5 Most Important Devices for Seniors
The market for wearable medical devices is becoming one of the fastest-growing in the consumer electronics segment. This is due to the increasing role of “age-appropriate” users in the economy and concern for improving their quality of life. “Snob” studied this and other types of modern gadgets, which are difficult for older people to do without.
Most gadget manufacturers see as their main target audience people under 30, technologically advanced and ready to experiment with new devices and technologies, but older people often turn out to be an equally, if not more, attractive target audience.
In the U.S., for example, as of 2020, 16.6% of the population was age 65 or older, and the Department of Health predicts that number will rise to 21.7% by 2040. To win the attention of this audience, manufacturers have to look for fundamentally new approaches to gadget development.
Smart modules for familiar devices
The most obvious technique for manufacturers is to add the prefix “smart” to devices already familiar to seniors, such as pill containers.
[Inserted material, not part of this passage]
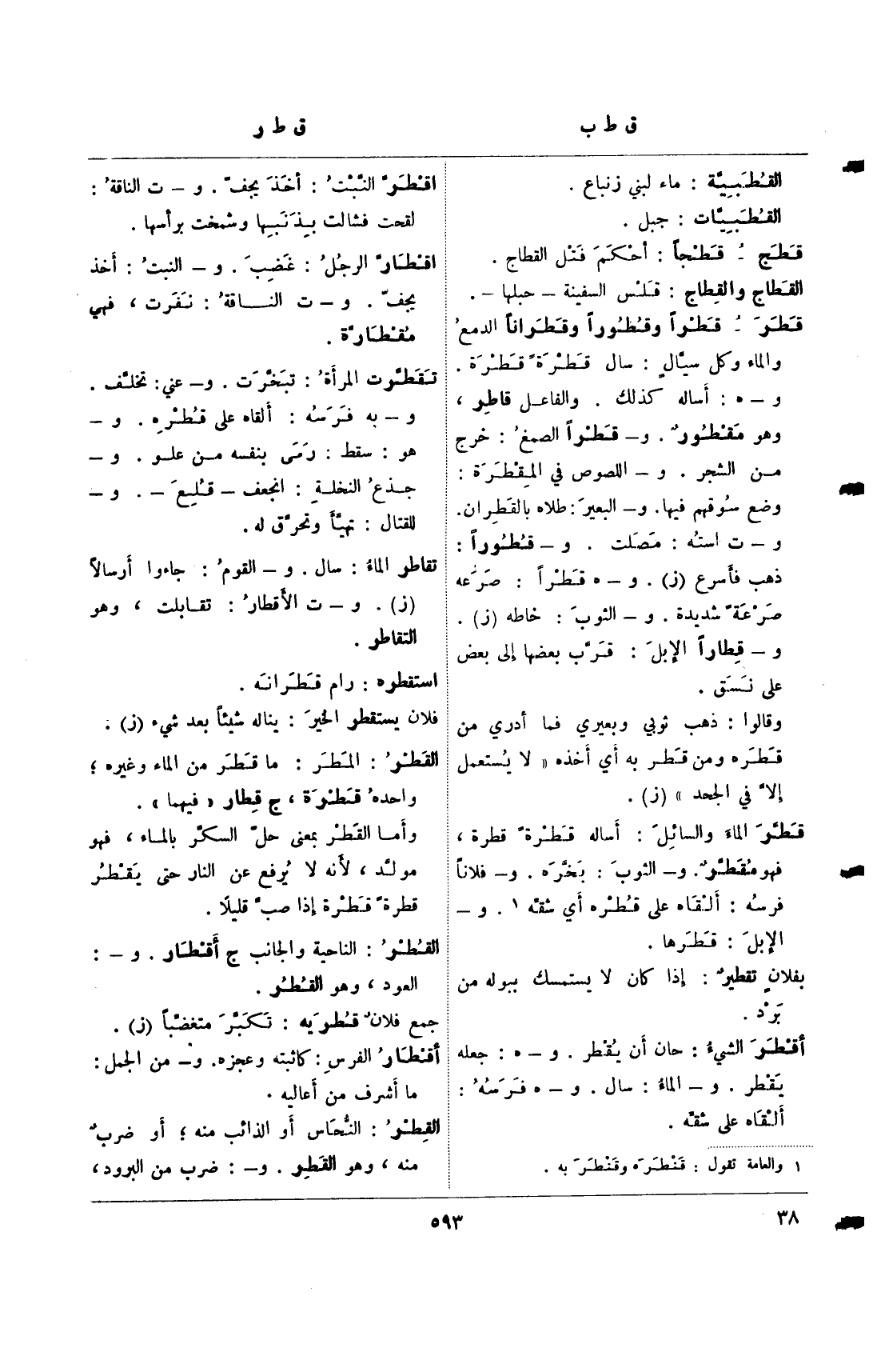 قطر- قطرا وقطورا وقطرانا الدمع والماء وكل سيال: سال قطرة قطرة. و- هـ: أساله كذلك. والفاعل قاطر، وهو مقطور. و- قطرا الصمغ: خرج من الشجر. و- اللصوص في المقطرة: وضع سوقهم فيها. و- البعير: طلاه بالقطران. و- ت استه: مصلت. و- قطورا: ذهب فأسرع (ز). و- هـ قطرا: صرعه صرعة شديدة. و- الثوب: خاطه (ز). و- قطارا الإبل: قرب بعضها إلى بعض على نسق.

Such devices connect via Bluetooth to a smartphone and monitor the frequency of medication intake and can signal either the owner himself or his doctor or relatives about missed medication intake. One of the best-known manufacturers is the U.S. company Tricella, its smart pill container sells for $59 on Amazon.
Another U.S. company, AdhereTech, offers a smart pill container that, in addition to monitoring medication timing, can measure the number of pills remaining to avoid cases where the drug suddenly runs out or the patient takes too much medication, which can cause an overdose. AdhereTech works directly with clinics and pharmaceutical companies without offering its devices at retail.
The startup Abiogenix created its smart pill case, which, among other things, can be remotely blocked if a patient abuses the medication. The development is promising, but mass sales are still a long way off.
In the same category are blood pressure monitors and electronic glucose meters that connect to a smartphone and allow blood pressure and blood sugar levels to be plotted, or to signal sudden changes and even send an alarm to the doctor if readings reach threatening levels.
One of the first smart glucose meters was introduced back in 2013 by iHealth Labs, a major manufacturer of medical gadgets, at the CES exhibition in Las Vegas. Subsequently, one of the largest smartphone manufacturers, Xiaomi, bought a stake in the company – now the iHealth Labs smart glucometer sells for about $40.
Watches with additional functions
Quite a number of manufacturers offer smart watches aimed at seniors: such devices usually have a larger screen and larger icons, as well as a physical alarm button on the case.
Among the most famous projects is the Omate Wherecom S3 from the Chinese company Omate, which originally specialized in children’s smart watches. Unfortunately, these watches can do nothing special but count heart rate, sound an alarm and inform about the whereabouts of an elderly person, and the size of the dial will in any case be a problem for people with impaired vision, so the advisability of buying such a device for $150 or more is left to the discretion of the potential owner.
The American company CarePredict’s Tempo project looks a bit more promising. Tempo is a wrist device without a screen that has a two-way voice communication function that can be activated by the owner or a person whose smartphone is entered into the device’s memory, but that is not Tempo’s main function. The device is equipped with several sensors, which in addition to the standard pulse counting are able to determine what the person is doing: whether he brushes his teeth, lies down, sits, eats or drinks.
CarePredict has developed a complex system of behavioral patterns based on a neural network that studies a person’s habits and is able to independently determine if his or her behavior becomes suspicious. For example, according to the authors of the project, the system is able to determine if a person is unwell, often before he or she realizes it himself or herself. The basic price of the device is $160.
For the elderly, who are no strangers to considerations of prestige when choosing devices, Swiss Limmex offers a wristwatch with alarm button and location detection, made in the tradition of Swiss watch design, for $400 and up.
Gadgets for controlling individual symptoms
Another important category of devices for the elderly focuses only on solving certain problems that are common to many, but not all elderly people. For example, the American company Lift Labs has designed a spoon for people suffering from Parkinson’s disease.
The device detects hand shake using an accelerometer and compensates for it with a special electrical device. In September 2014, Lift Labs was bought by Google and is now part of Google X’s special projects department; the spoon itself can be purchased online for about $200.
Smart Home Technologies
The American company HoneyCo offers smart home technology for consumers who are not always confident with their smartphone, primarily for the elderly who have decided to live independently and not move into a nursing home or with relatives.
The HoneyCo smart home uses a system of a large number of sensors connected to all household appliances; this system monitors all events occurring in the house and sounds an alarm if something has deviated from predetermined scenarios. For example, the homeowner’s children may receive an alarm if the kitchen stove is left on longer than a preset time, a door or window is left unlocked overnight, or if the homeowner has not been outdoors and has not shown any activity for longer than a preset time.
A separate direction in the development of gadgets for the elderly is serious and expensive devices that have not yet been used in mass practice, but in the future may dramatically change the way people with disabilities live and feel. For example, exoskeletons that would allow anyone to lift heavier than their own weight and cover distances inaccessible even to trained athletes.